Disadvantages: query criteria beyond time cannot be added; Low performance

e. Programme V

Scheme: establish a statistical table, and calculate the characteristic values such as the average value of each index data of the previous day and multiple search conditions every morning. It is convenient for subsequent data query within the time range of “past month”, “past year”, etc.
Advantages: for common queries, you can quickly return results.
Disadvantages: some query criteria cannot be counted, which makes it impossible to query. In the calculation of the statistical table, there is a large resource loss. Moreover, due to the time length characteristics of the statistical table, the number of data points on the presentation layer may be inconsistent (sometimes there are many data points, and sometimes the data points are very sparse.

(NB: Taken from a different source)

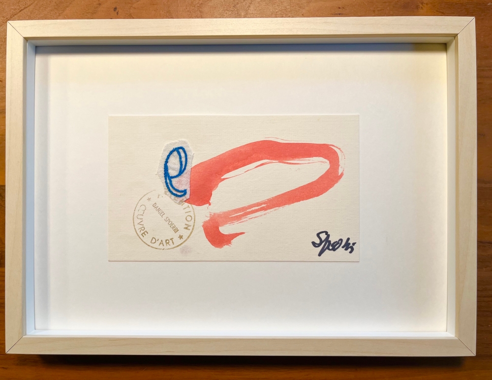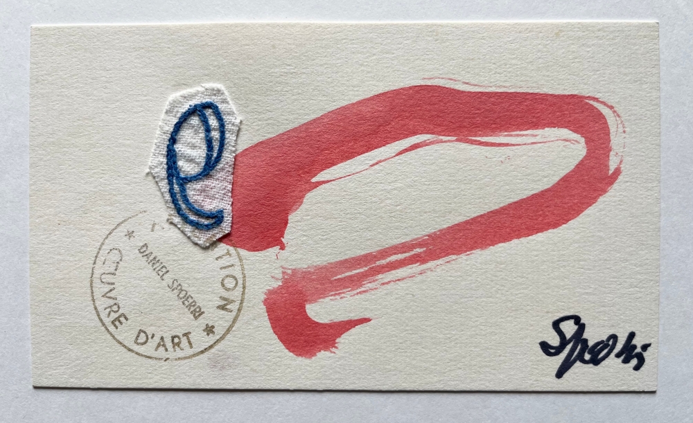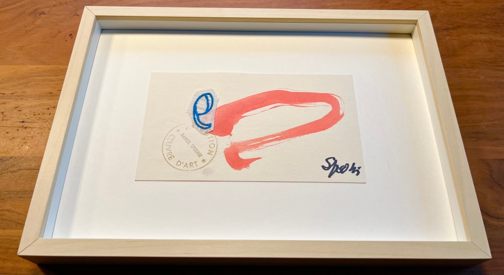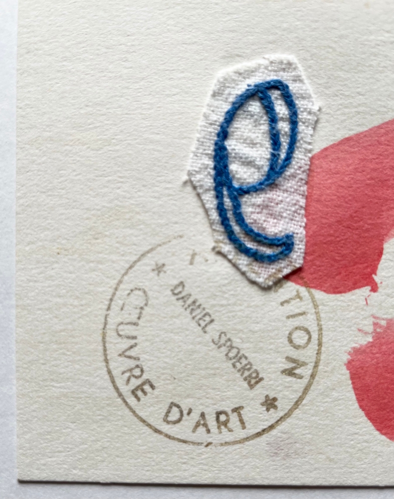 This is an unique work by Daniel Spoerri. It is a collage with cloth and gouache. Stamped by Daniel Spoerri and signed in marker by the artist. Authenticity guaranteed. comes in a light wooden frame. The piece is in perfect condition.
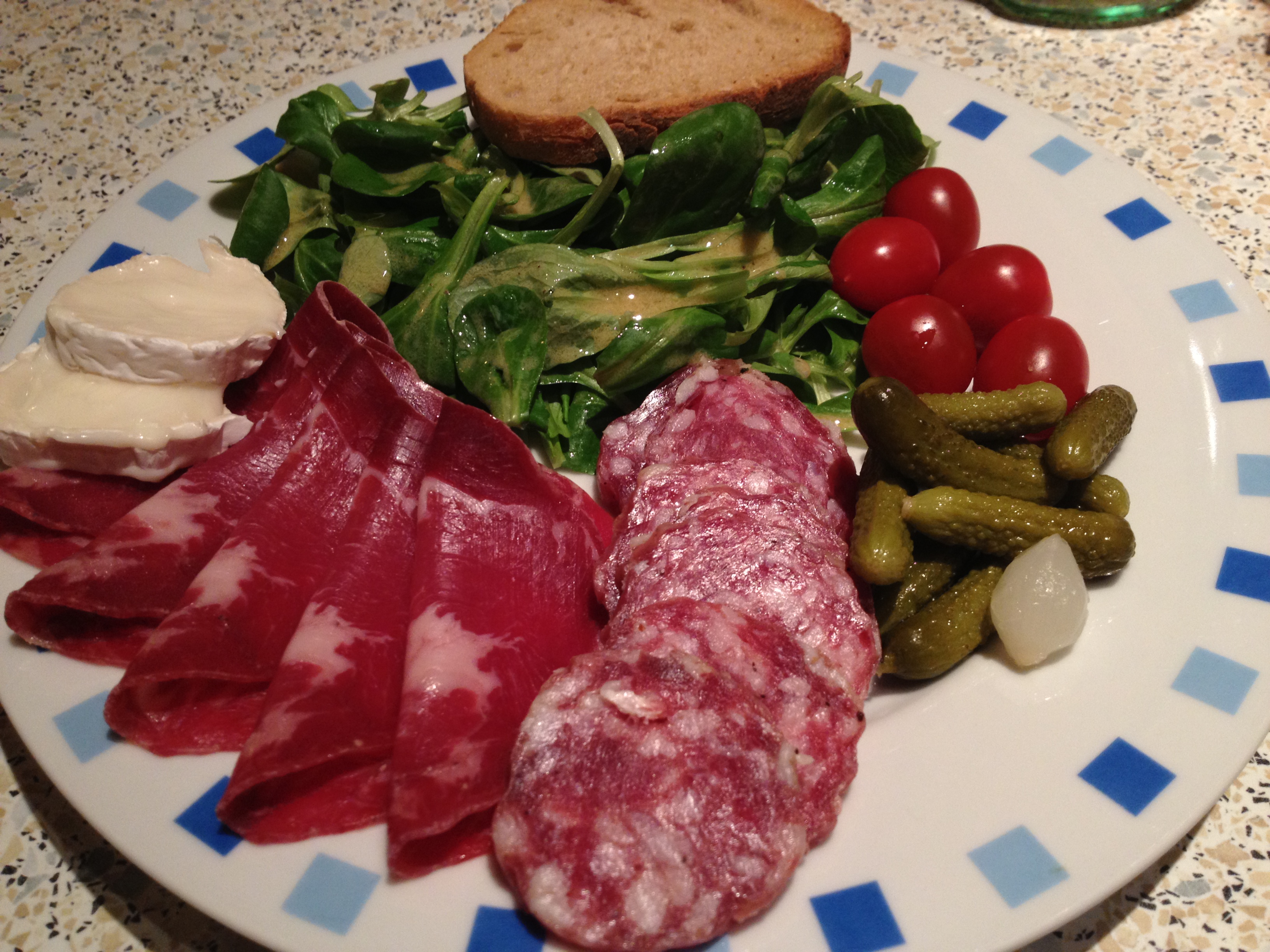 Not so much a regional speciallity, but definately a French specialty! Tonight I made very simple Charcuterie platters with Italian Capocolla, French saucisson, mache salad, chevrotin, cornichon, grape tomatoes, and sliced country bread. It was all very tasty and so easy! I am going to add this to my weeknight quick-meal round-up for sure!

However, it can be greatly optimized by automatically raising and lowering the data dimension).

6、 Summary

To sum up, the core of data architecture is cold and hot isolation and hierarchical processing.
Before designing the data architecture, you need to confirm the data. For example, in the Internet of things scenario, you write more and read less, and the written data are inserts, so there is no consistency problem. When designing data solutions, the focus will tend to be.

In fact, the scheme is consistent with business, application architecture and other scenarios. Everyone has heard of the management leverage ratio, 28 law, good steel should be on the blade. In fact, it can be summed up in one sentence:
According to the input-output ratio, resources are allocated, so as to achieve the highest overall output under limited resources.